At June 30, 2012, Xcel Energy Inc. and its utility subsidiaries had the following committed credit facilities available:

(Millions of Dollars)
 
Credit Facility
  
Drawn (a)
  
Available
 
Xcel Energy Inc.
 $800.0  $397.0  $403.0 
PSCo
  700.0   8.0   692.0 
NSP-Minnesota
  500.0   8.7   491.3 
SPS
  300.0   -   300.0 
NSP-Wisconsin
  150.0   79.0   71.0 
Total
 $2,450.0  $492.7  $1,957.3 

(a)
Includes outstanding commercial paper and letters of credit.

All credit facility bank borrowings, outstanding letters of credit and outstanding commercial paper reduce the available capacity under the respective credit facilities.  Xcel Energy Inc. and its subsidiaries had no direct advances on the credit facilities outstanding at June 30, 2012 and Dec. 31, 2011.

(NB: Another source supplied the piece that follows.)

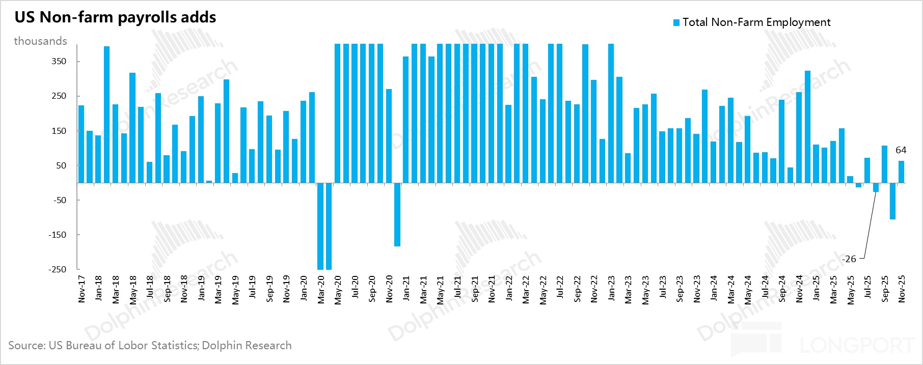 而這樣的通脹數據如果和就業放在一起,那降息的意味似乎就更明顯了:11 月新增就業 6.4 萬人,且 10 月新增就業還直接 10.5 萬人淨流失。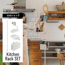 【公式】DRAW A LINE ドローアライン Kitchen Rack SET White 200~275cm 縦専用 ホワイト SET-D-BOOK-KCR-WH 突っ張り棒 フックA ブックスタンド トレイ ブックラック セット

Amended Credit Agreements - In July 2012, NSP-Minnesota, NSP-Wisconsin, PSCo, SPS and Xcel Energy Inc. entered into amended five-year credit agreements with a syndicate of banks, replacing their previous four-year credit agreements.  The amended credit agreements have substantially the same terms and conditions as the prior credit agreements with an improvement in pricing and an extension of maturity from March 2015 to July 2017.  The Eurodollar borrowing margins on these lines of credit were reduced from a range of 100 to 200 basis points per year, to a range of 87.5 to 175 basis points per year based on applicable long-term credit ratings.  The commitment fees, calculated on the unused portion of the lines of credit, were reduced from a range of 10 to 35 basis points per year, to a range of 7.5 to 27.5 basis points per year, also based on applicable long-term credit ratings.

Xcel Energy Inc. and its utility subsidiaries, other than NSP-Wisconsin, have the right to request an extension of the revolving termination date for two additional one-year periods, and NSP-Wisconsin has the right to request an extension of the revolving termination date for an additional one-year period, each subject to majority bank group approval.

Letters of Credit - Xcel Energy Inc. and its subsidiaries use letters of credit, generally with terms of one year, to provide financial guarantees for certain operating obligations.  At June 30, 2012 and Dec. 31, 2011, there were $11.7 million and $12.7 million of letters of credit outstanding, respectively, under the credit facilities.  An additional $1.1 million of letters of credit not issued under the credit facilities were outstanding at June 30, 2012 and Dec. 31, 2011, respectively. The contract amounts of these letters of credit approximate their fair value and are subject to fees determined in the marketplace.

Long-Term Borrowings

In June 2012, SPS issued an additional $100 million of its 4.5 percent first mortgage bonds due Aug. 15, 2041 at a premium of $10.1 million.  Including the $200 million of this series previously issued in August 2011, total principal outstanding for this series is $300 million.